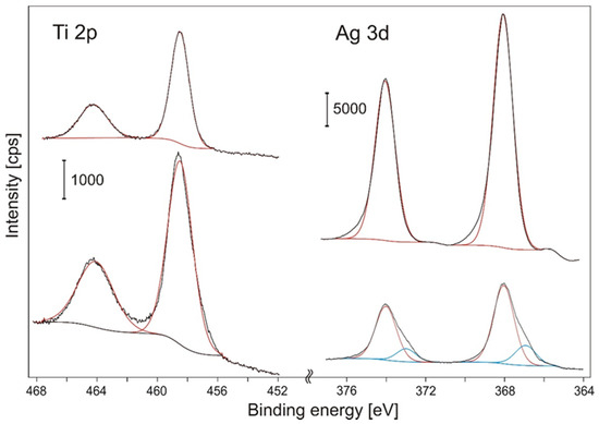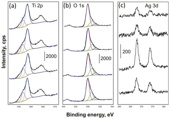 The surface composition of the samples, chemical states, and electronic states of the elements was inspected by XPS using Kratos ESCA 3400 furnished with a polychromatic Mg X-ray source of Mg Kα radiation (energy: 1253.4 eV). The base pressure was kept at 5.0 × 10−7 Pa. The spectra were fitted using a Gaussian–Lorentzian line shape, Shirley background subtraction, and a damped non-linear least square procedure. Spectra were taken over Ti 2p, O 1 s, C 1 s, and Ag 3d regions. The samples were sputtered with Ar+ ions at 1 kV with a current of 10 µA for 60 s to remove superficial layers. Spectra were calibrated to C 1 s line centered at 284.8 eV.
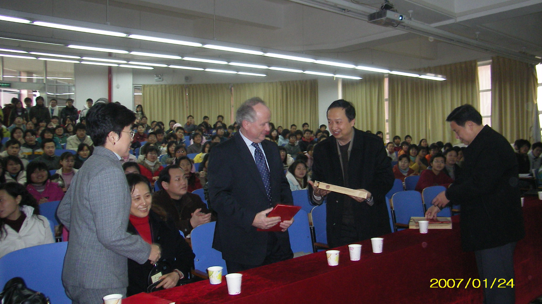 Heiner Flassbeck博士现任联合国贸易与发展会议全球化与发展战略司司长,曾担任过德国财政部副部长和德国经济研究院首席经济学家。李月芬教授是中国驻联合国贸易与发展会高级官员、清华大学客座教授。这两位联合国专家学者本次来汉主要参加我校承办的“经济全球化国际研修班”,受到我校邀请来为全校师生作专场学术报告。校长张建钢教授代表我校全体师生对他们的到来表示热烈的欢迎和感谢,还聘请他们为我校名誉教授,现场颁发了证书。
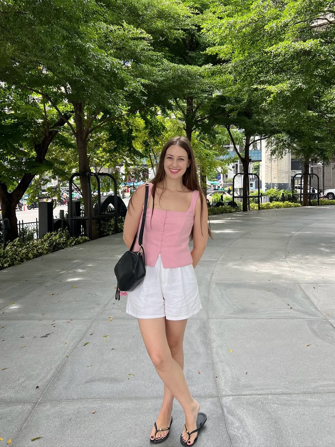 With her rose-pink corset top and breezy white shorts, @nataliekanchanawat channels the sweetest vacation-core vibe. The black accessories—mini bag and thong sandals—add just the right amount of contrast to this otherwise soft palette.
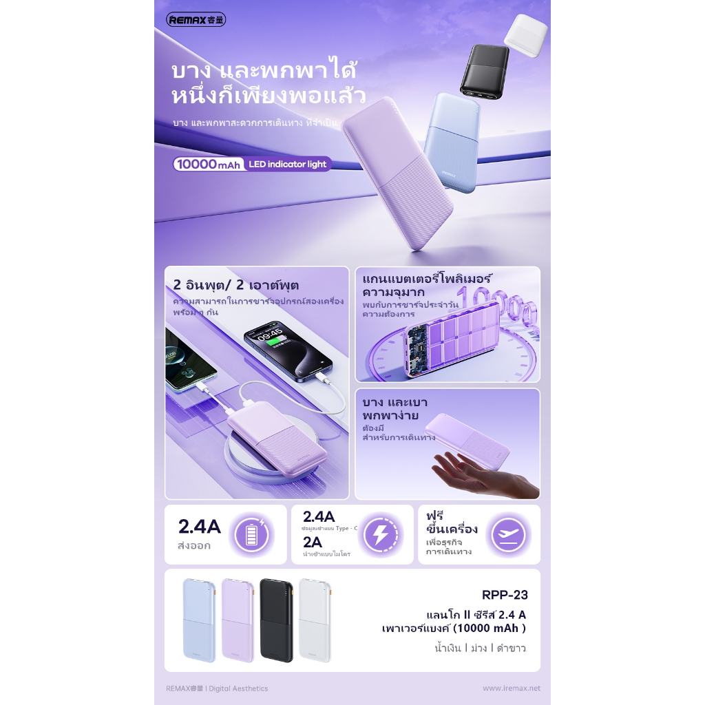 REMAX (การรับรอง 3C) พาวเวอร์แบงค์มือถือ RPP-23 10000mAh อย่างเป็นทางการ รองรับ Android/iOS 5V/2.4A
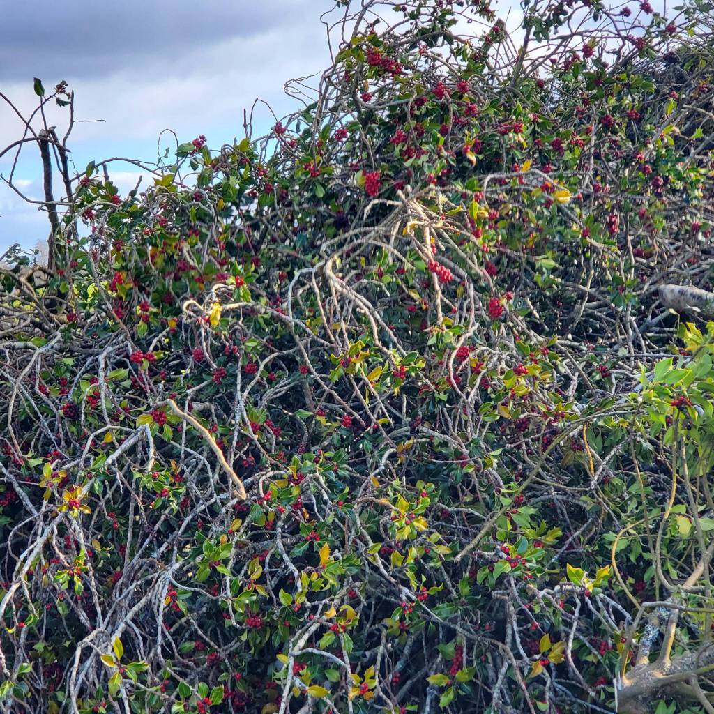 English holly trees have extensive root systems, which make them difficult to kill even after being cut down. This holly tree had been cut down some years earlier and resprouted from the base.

################

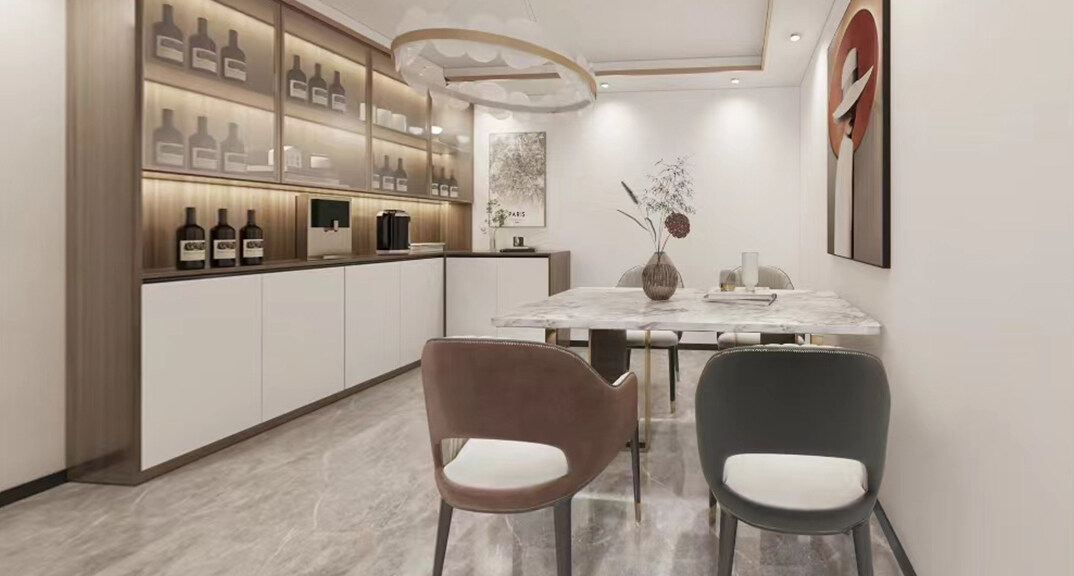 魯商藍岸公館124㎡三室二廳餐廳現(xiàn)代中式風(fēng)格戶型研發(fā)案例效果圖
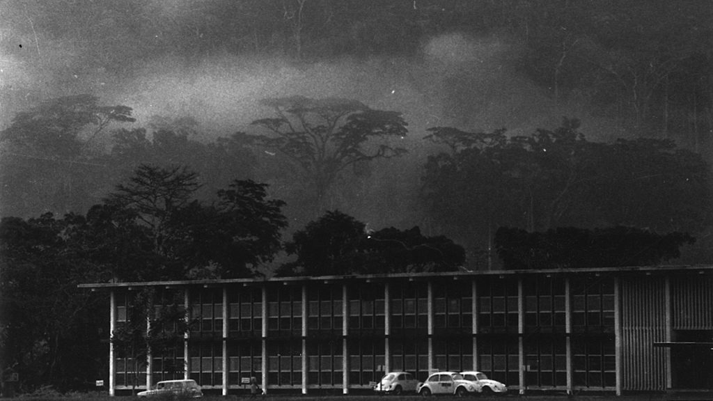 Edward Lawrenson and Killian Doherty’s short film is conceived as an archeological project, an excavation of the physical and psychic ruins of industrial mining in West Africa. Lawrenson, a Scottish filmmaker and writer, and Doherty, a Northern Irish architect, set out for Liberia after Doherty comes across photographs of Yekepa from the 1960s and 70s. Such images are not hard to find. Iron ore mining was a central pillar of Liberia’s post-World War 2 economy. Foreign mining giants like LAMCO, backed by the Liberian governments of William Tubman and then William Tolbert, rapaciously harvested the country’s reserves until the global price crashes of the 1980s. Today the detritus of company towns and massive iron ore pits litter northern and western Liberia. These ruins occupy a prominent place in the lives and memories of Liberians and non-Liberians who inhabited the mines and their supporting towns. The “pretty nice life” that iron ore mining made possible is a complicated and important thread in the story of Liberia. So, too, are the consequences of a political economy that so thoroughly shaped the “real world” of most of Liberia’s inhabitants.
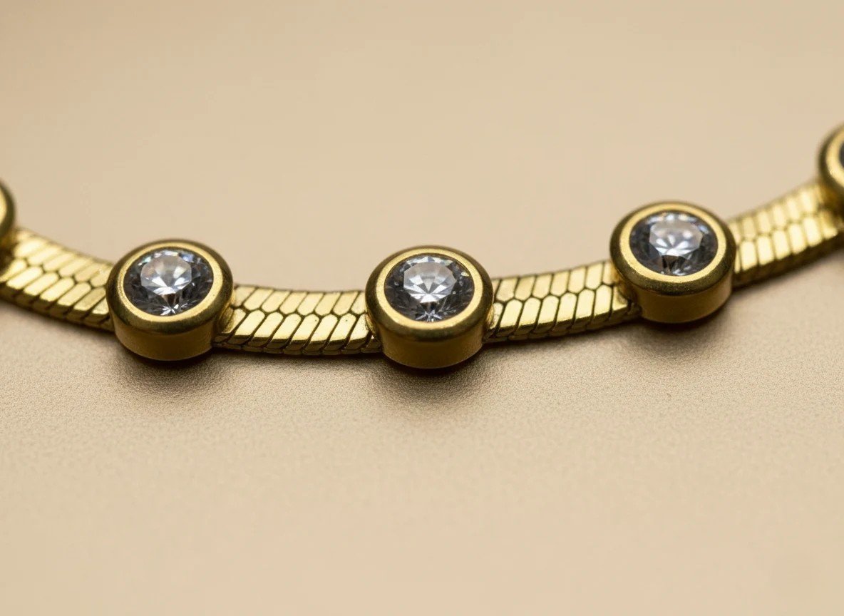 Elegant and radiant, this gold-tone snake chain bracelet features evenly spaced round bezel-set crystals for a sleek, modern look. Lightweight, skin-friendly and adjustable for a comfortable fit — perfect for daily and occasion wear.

################

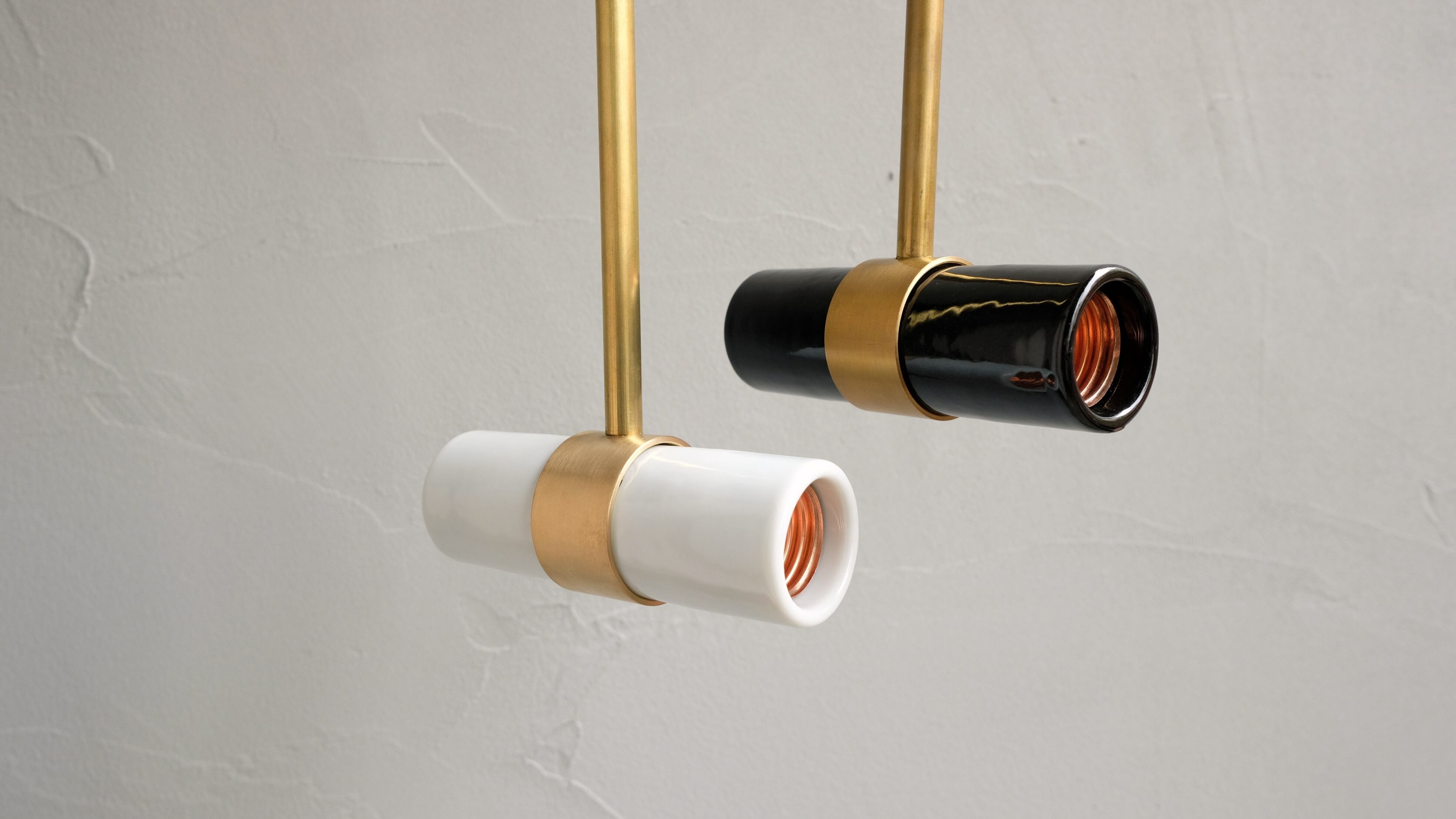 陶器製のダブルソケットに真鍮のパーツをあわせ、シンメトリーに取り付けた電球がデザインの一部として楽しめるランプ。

################

# What to produce
Copy word for word only the lines above from the one with "With her rose-pink" through the one with "English holly trees". Leave pictures out.

# Written response
 With her rose-pink corset top and breezy white shorts, @nataliekanchanawat channels the sweetest vacation-core vibe. The black accessories—mini bag and thong sandals—add just the right amount of contrast to this otherwise soft palette.
 REMAX (การรับรอง 3C) พาวเวอร์แบงค์มือถือ RPP-23 10000mAh อย่างเป็นทางการ รองรับ Android/iOS 5V/2.4A
 English holly trees have extensive root systems, which make them difficult to kill even after being cut down. This holly tree had been cut down some years earlier and resprouted from the base.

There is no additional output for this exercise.